Strengths and trade-offs
Clinicians highlight three main strengths: gut-selective action, established long-term safety data, and the flexibility to switch between intravenous and subcutaneous dosing if needed. Many patients appreciate fewer hospital visits, although some still prefer the security of monitored infusions, especially at the start of therapy.
On the other side of the ledger, ENTYVIO remains a high-cost biologic that requires strict cold-chain logistics and adherence support. Missed injections or improper storage can undermine disease control, and for payers the ongoing biologic spend competes directly with newer small molecules and biosimilars that promise tighter budget impact.
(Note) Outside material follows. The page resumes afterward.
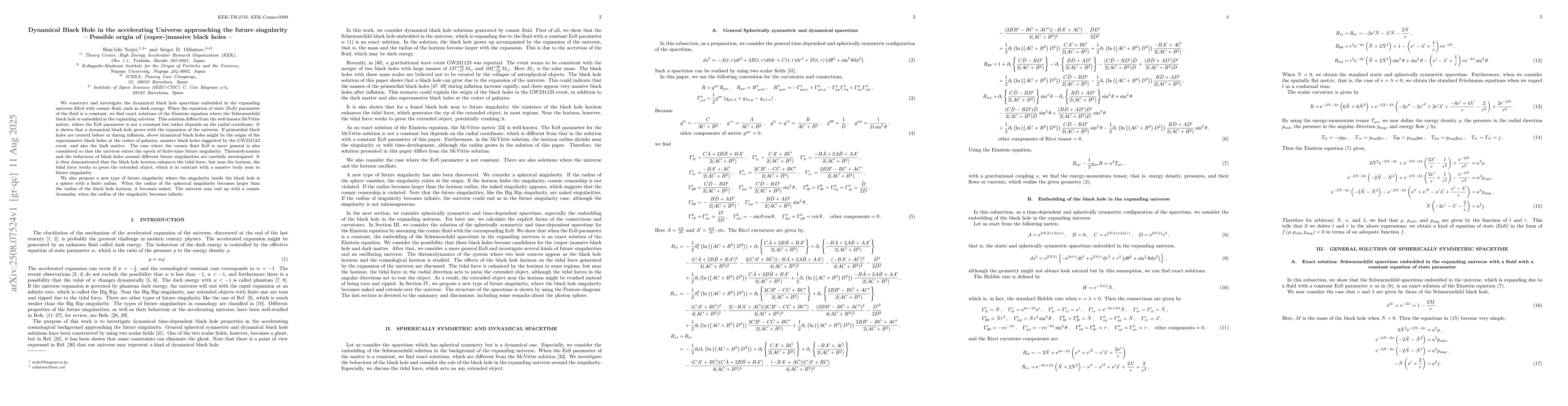 We construct and investigate the dynamical black hole spacetime embedded in the expanding universe filled with cosmic fluid, such as dark energy. When the equation of state (EoS) parameter of the fluid is a constant, we find exact solutions of the Einstein equation where the Schwarzschild black hole is embedded in the expanding universe. This solution differs from the well-known McVittie metric, where the EoS parameter is not a constant but rather depends on the radial coordinate. It is shown that a dynamical black hole grows with the expansion of the universe. If primordial black holes are created before or during inflation, above dynamical black holes might be the origin of the supermassive black holes at the centre of galaxies, massive black holes suggested by the GW231123 event, and also the dark matter. The case where the cosmic fluid EoS is more general is also considered so that the universe enters the epoch of finite-time future singularity. Thermodynamics and the behaviour of black holes around different future singularities are carefully investigated. It is then demonstrated that the black hole horizon enhances the tidal force, but near the horizon, the tidal force works to press the extended object, which is in contrast with a massive body near to future singularity. We also propose a new type of future singularity where the singularity inside the black hole is a sphere with a finite radius. When the radius of the spherical singularity becomes larger than the radius of the black hole horizon, it becomes naked. The universe may end up with a cosmic doomsday when the radius of the singularity becomes infinite.
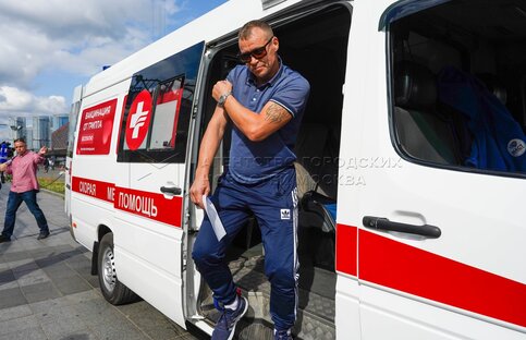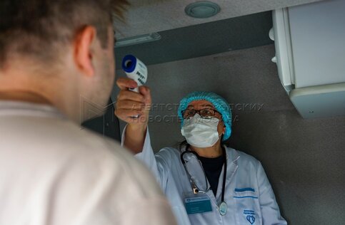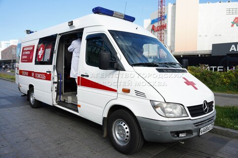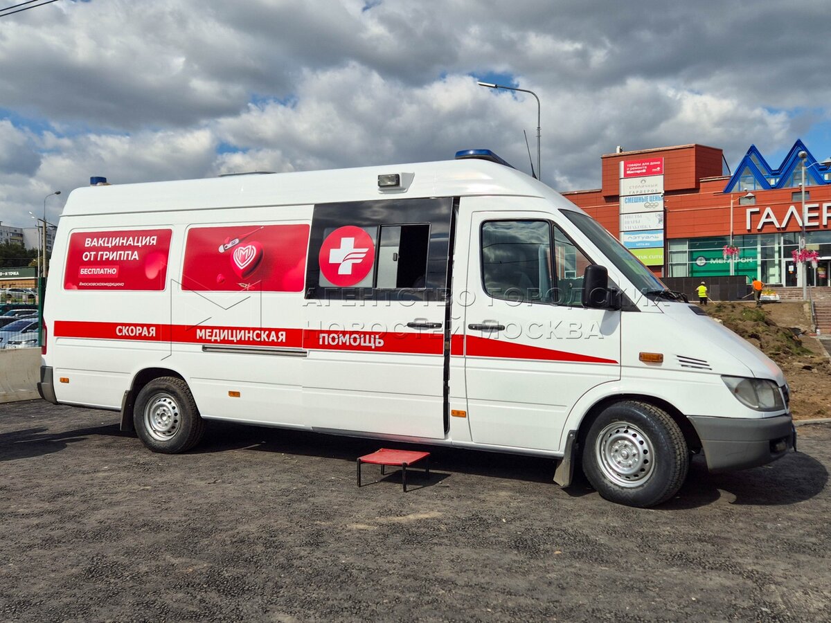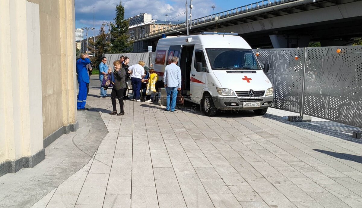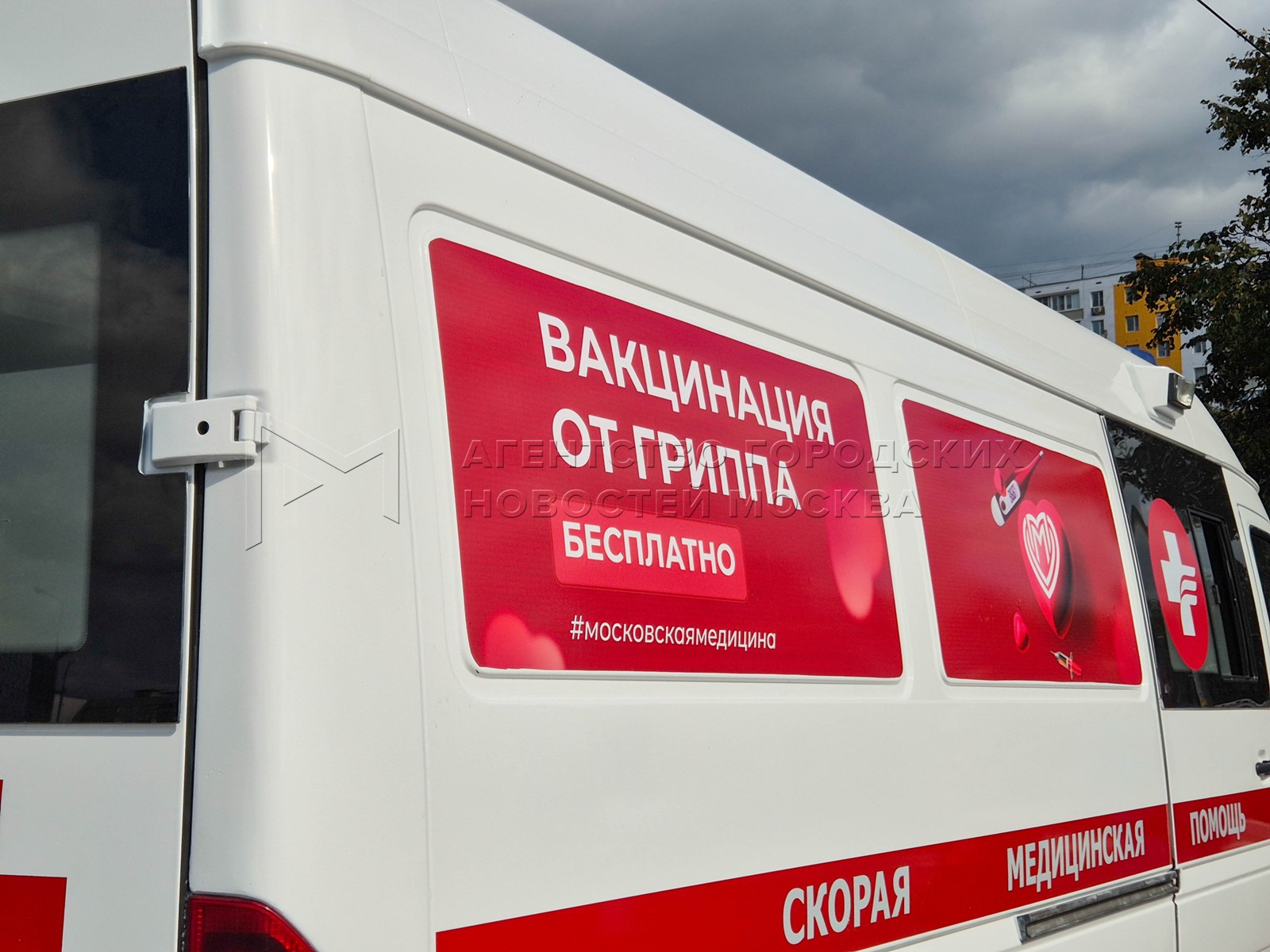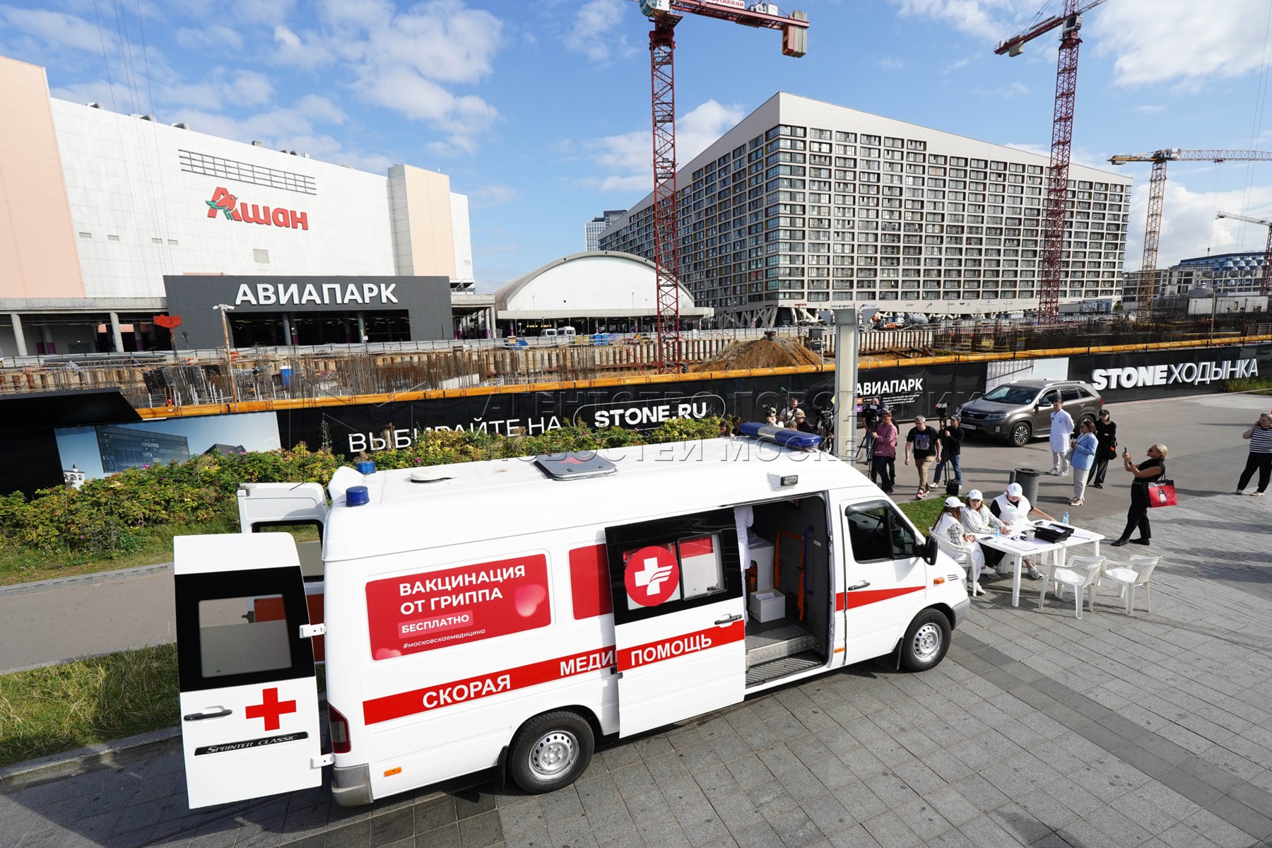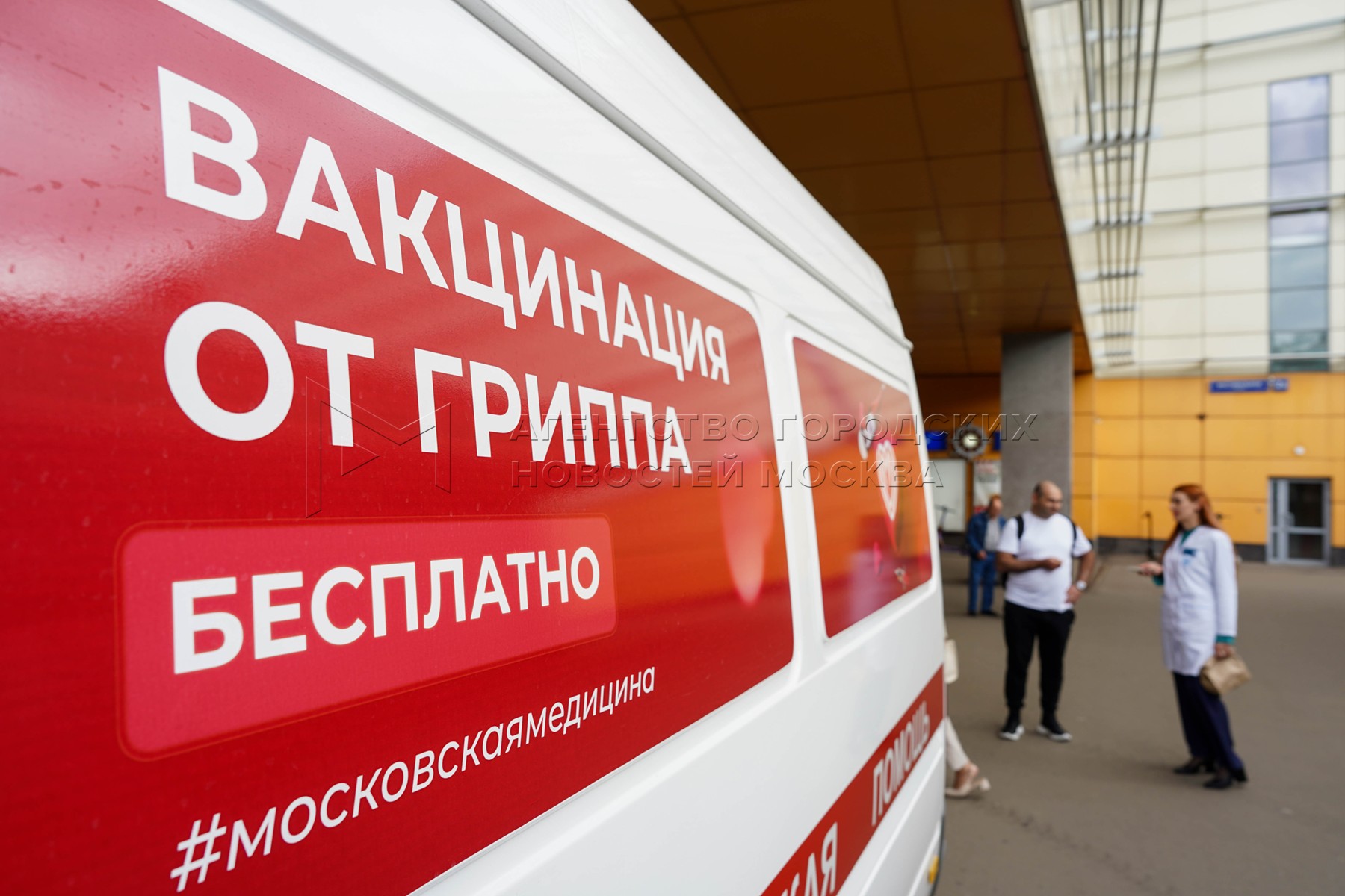 • Описание: Работа мобильного пункта вакцинации от гриппа у станции метро «ЦСКА» в Москве.

Company context and shares
Takeda Pharmaceutical leans on gastroenterology, rare diseases and oncology as its strategic growth pillars, and ENTYVIO is one of the company’s largest branded revenue contributors. The product’s shift toward more convenient subcutaneous dosing fits Takeda’s broader push to keep complex therapies usable outside major hospital centers. Takeda Pharmaceutical shares (ISIN JP3730800003) trade on the Tokyo Stock Exchange in Japanese yen as one of Japan’s blue-chip healthcare listings.
Key facts on ENTYVIO SC
- Product: ENTYVIO (vedolizumab) subcutaneous injection, 108 mg
- Manufacturer: Takeda Pharmaceutical Company Limited
- Category: B2B/Pro biologic therapy for inflammatory bowel disease
- Launch: Initial ENTYVIO IV approvals from 2014, subcutaneous formulation approved in subsequent years in major markets
- RRP / Price: High-cost prescription biologic, reimbursed via health insurance or national health systems; exact price varies by market and payer
- Availability: Hospital and specialty pharmacies in Japan, Europe, the US and other IBD markets; prescription-only
- Target group: Adult patients with moderate to severe ulcerative colitis or Crohn’s disease after inadequate response to conventional or TNF?-based therapy
- Highlight / USP: Gut-selective biologic with flexible intravenous induction and subcutaneous maintenance dosing, designed to reduce hospital visits while maintaining long-term IBD control
This article was AI-assisted and editorially reviewed. Product information without guarantee; prices and availability may change at short notice. No investment advice, no buy or sell recommendation. Stock-market transactions involve risks up to total loss.